Sublime Forum

How can I use utf-8 codes in a buffer with view.substr()?

#1

Hi,

While I had tried to use view.substr() to extract Japanese character (utf-8) on a buffer, it didn’t work.
Is it possible to handle this correctly ?

Text on a buffer:

あいうえお

and I had tried to use view.substr() on the console:

print view.substr(sublime.Region(0,2))

then, codecs.py had caused the following error messages:

>>> print view.substr(sublime.Region(0,2))
Traceback (most recent call last):
  File "<string>", line 1, in <module>
  File "/System/Library/Frameworks/Python.framework/Versions/2.6/lib/python2.6/codecs.py", line 352, in write
  File "/System/Library/Frameworks/Python.framework/Versions/2.6/lib/python2.6/codecs.py", line 351, in write
UnicodeDecodeError: 'ascii' codec can't decode byte 0xe3 in position 0: ordinal not in range(128)

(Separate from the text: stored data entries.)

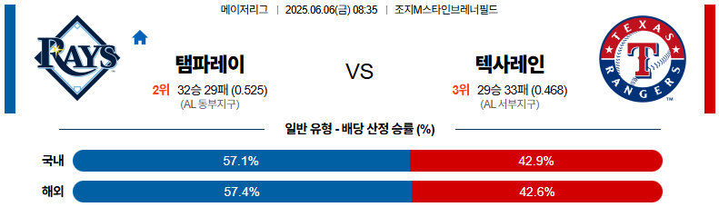야구 06월 06일 MLB 탬파베이 vs 텍사스
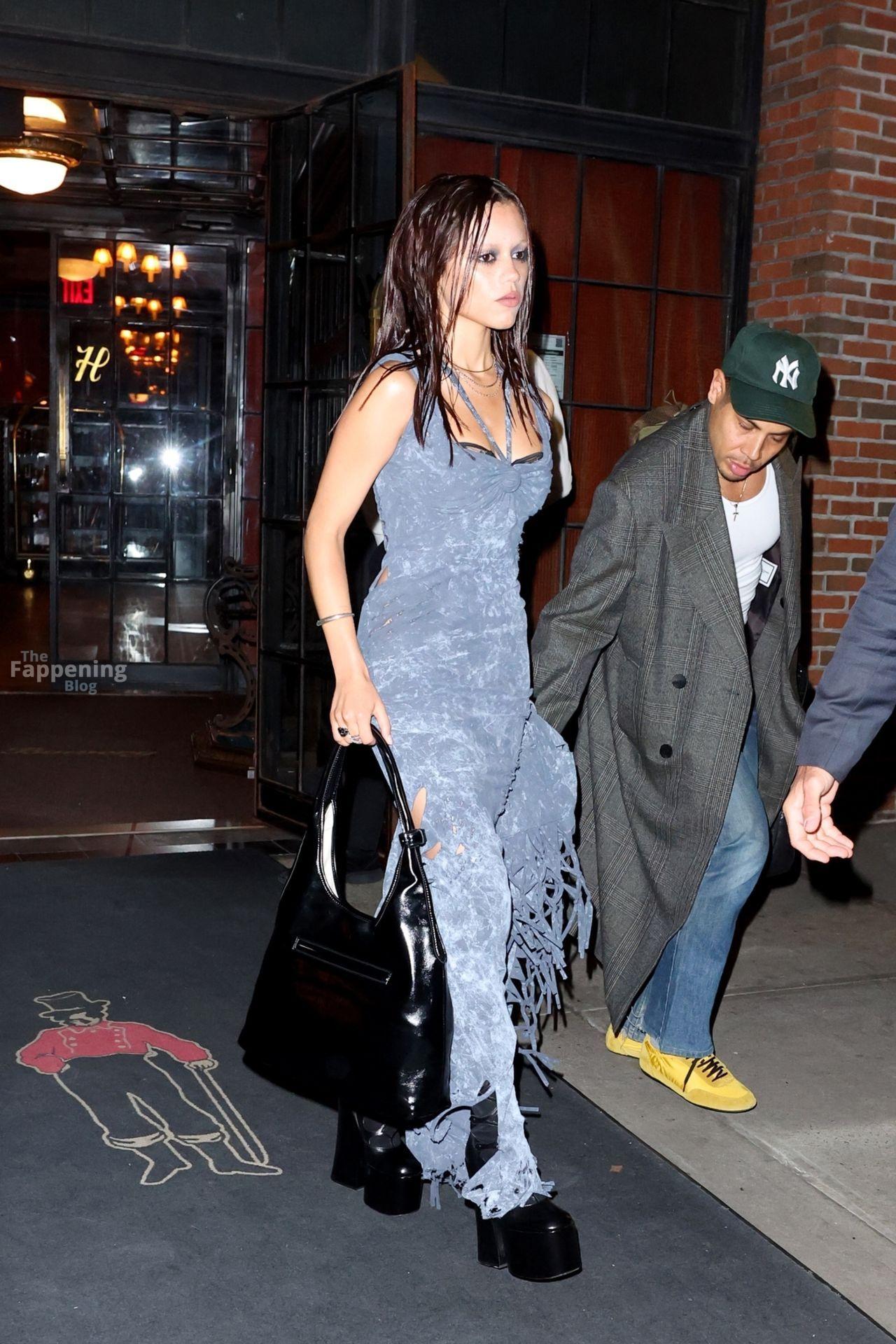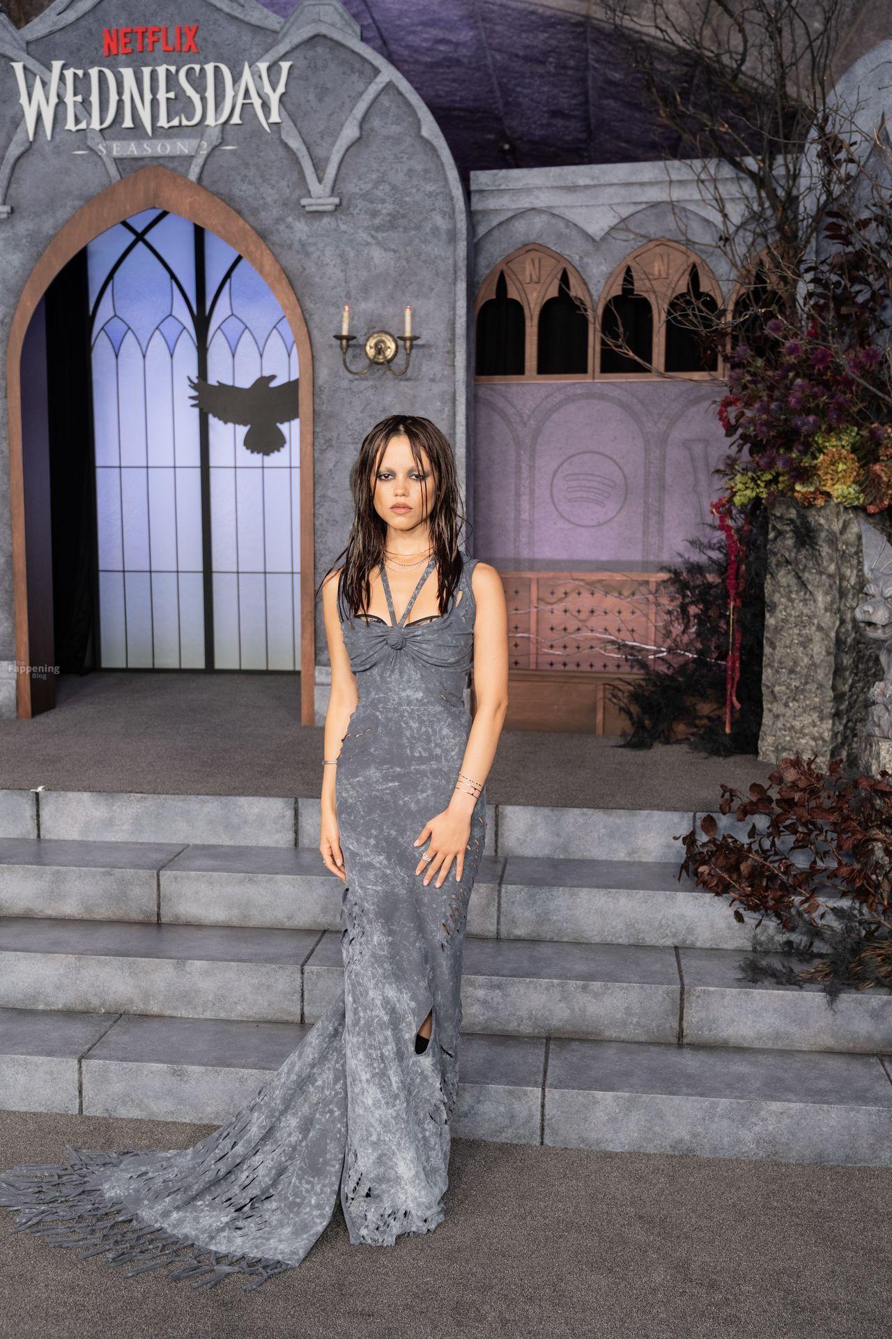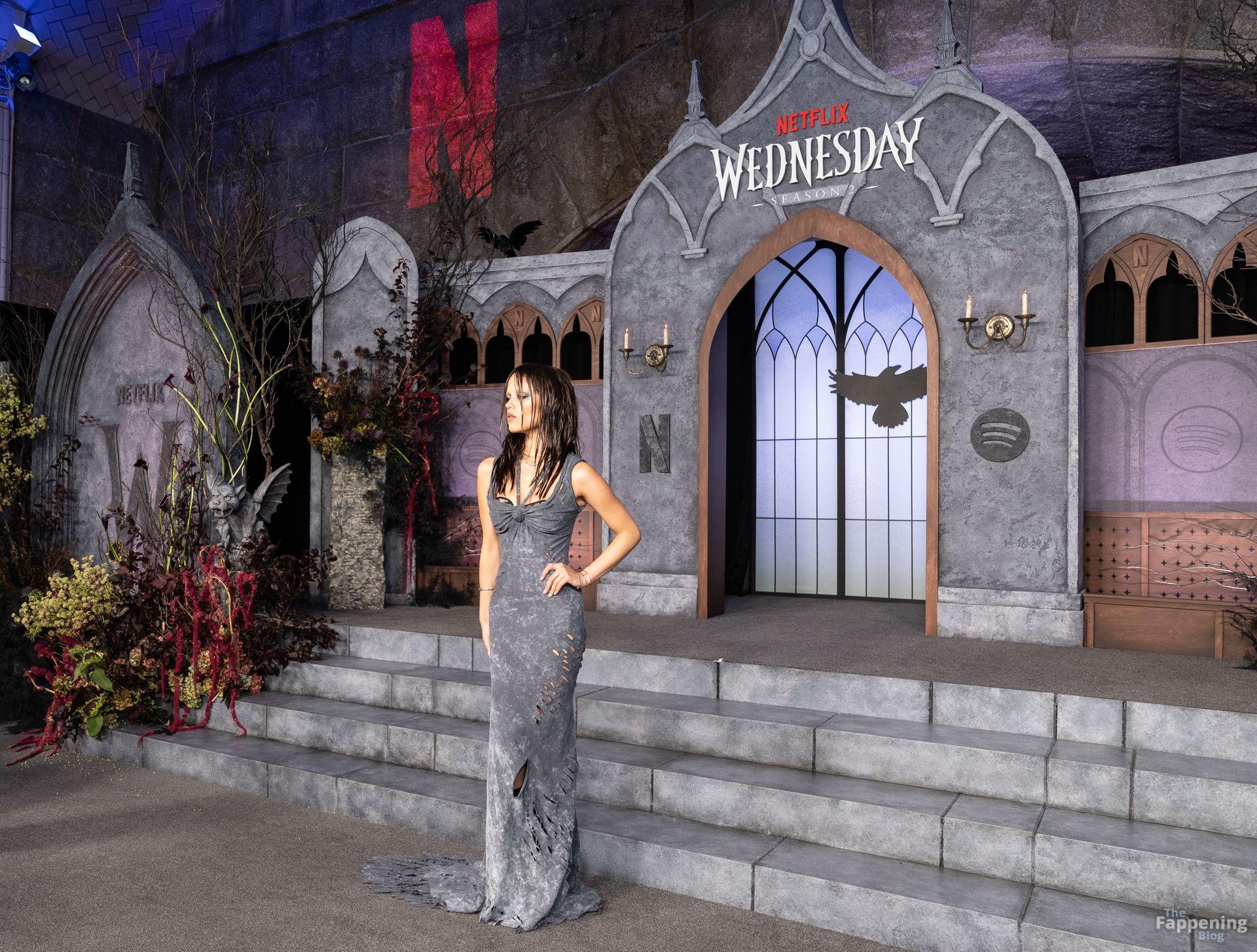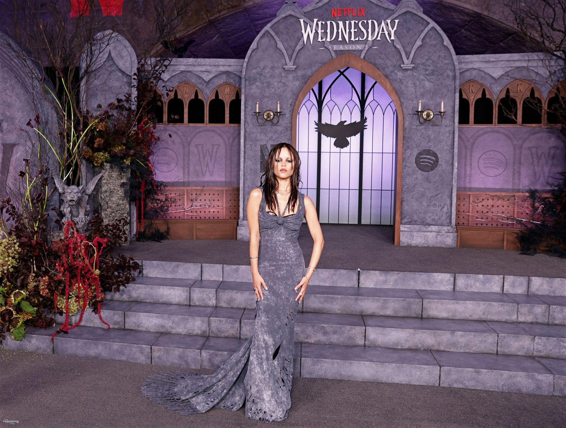 Jenna Ortega aumenta o calor com um vestido cinza rasgado e justo no Baile do Cemitério de “Wednesday” em NYC. Ela sai do The Bowery Hotel, arrasando com plataformas pretas grossas e uma bolsa de couro preta para a festa da 2ª temporada da Netflix e Spotify.
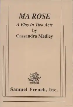 Ma Rose is a play by Cassandra Medley. Originally produced as a one-act at the Ensemble Studio Theatre in June, 1986, the full-length play premiered Off-Broadway at Women's Project Theater in October, 1988. The following year, the play made its regional premiere at Eureka Theatre Company in San Francisco. Ma Rose was a 1989 finalist for the Susan Smith Blackburn Prize.[1]
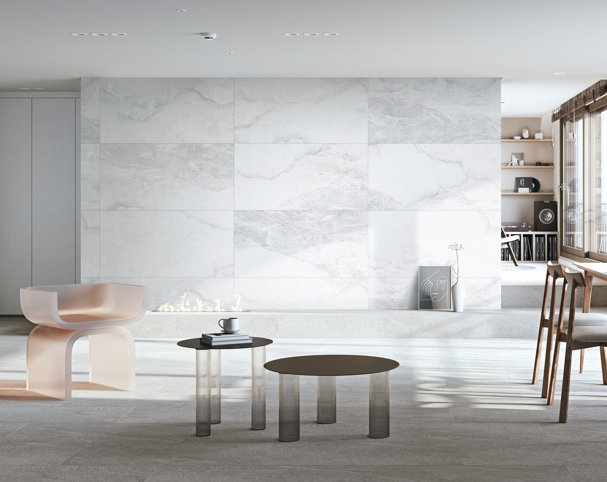 크고 선명한 베인 무늬가 개성 있는 인테리어 포인트가 되어줍니다. 이스톤 비아테라 젬마 펄, 피에트라 그레이
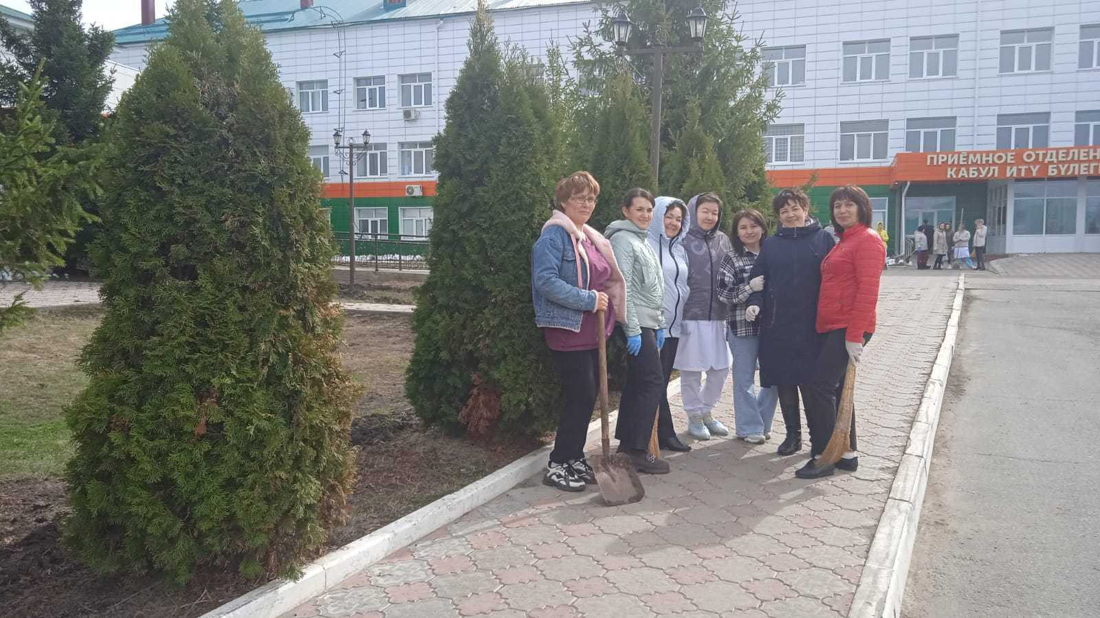 "Апас район хастаханәсе" ДАССО хезмәткәрләре экологик өмәгә чыктылар. Биналарга якын территорияләрне җыештыру буенча язгы чаралар уздырылды
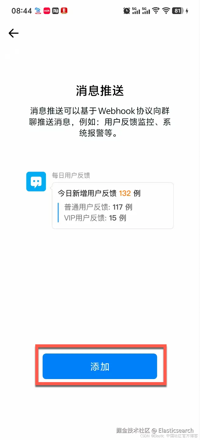 我们点击上面的 “添加” 来创建一个 Webhook 的消息推送:

It would be much appreciated if you could give any answer.
Thank you,

0 Likes

#2

It works on Windows.
Looks like the encoding used for the console is ACSII, which mean that you couldn’t print these chars.
So the command work fine but you couldn’t print the result to the console.

Try to type only:

view.substr(sublime.Region(0,2))

Don’t know how to change encoding in OS X.

0 Likes

#3

Thanks for your prompt reply.

Yes, you may be right because it was no problem to use substr() w/o ‘print’, and my environment is os x actually.

However, this leads me to another question about handling utf-8 characters on Python.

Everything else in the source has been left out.